### What the task requires
Please output the line containing "Sierra Club Women" and all lines that follow it in the data below, exactly, with no pictures.

== Collected data ==

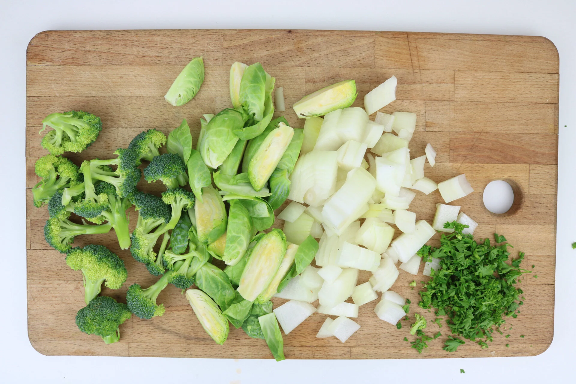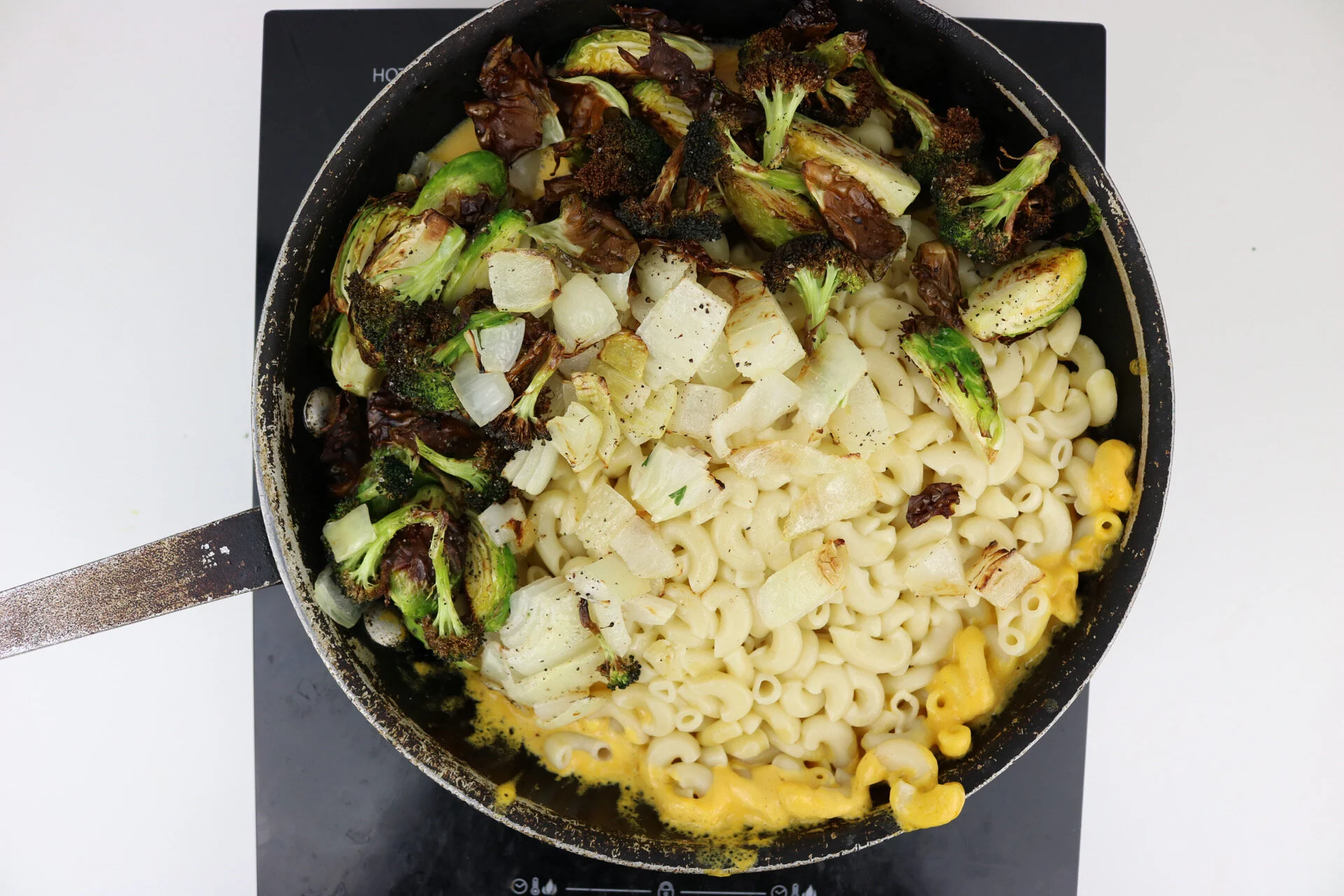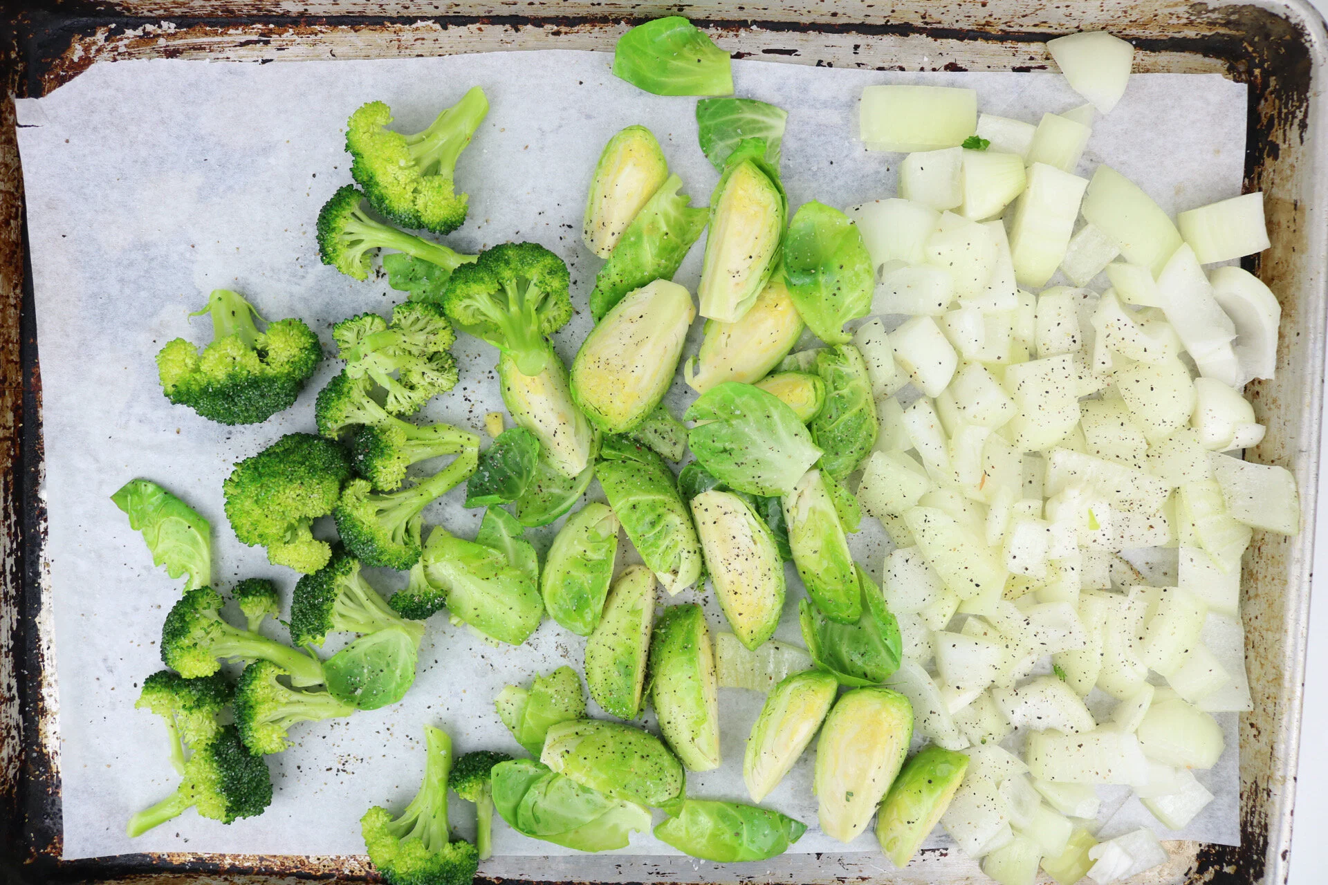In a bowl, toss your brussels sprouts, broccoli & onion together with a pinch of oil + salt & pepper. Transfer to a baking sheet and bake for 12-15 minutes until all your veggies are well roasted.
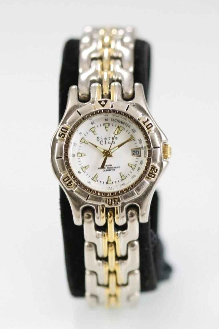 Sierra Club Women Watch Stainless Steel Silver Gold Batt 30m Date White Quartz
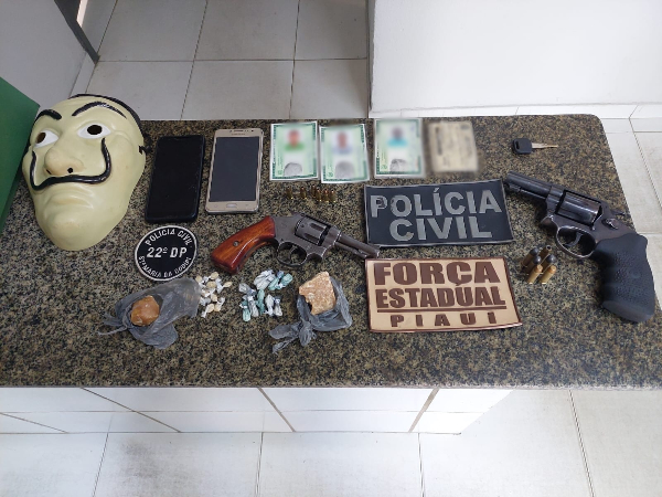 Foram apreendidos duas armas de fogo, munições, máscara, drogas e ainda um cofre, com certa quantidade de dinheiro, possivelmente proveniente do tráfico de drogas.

===

### Exercise result
 Sierra Club Women Watch Stainless Steel Silver Gold Batt 30m Date White Quartz
 Foram apreendidos duas armas de fogo, munições, máscara, drogas e ainda um cofre, com certa quantidade de dinheiro, possivelmente proveniente do tráfico de drogas.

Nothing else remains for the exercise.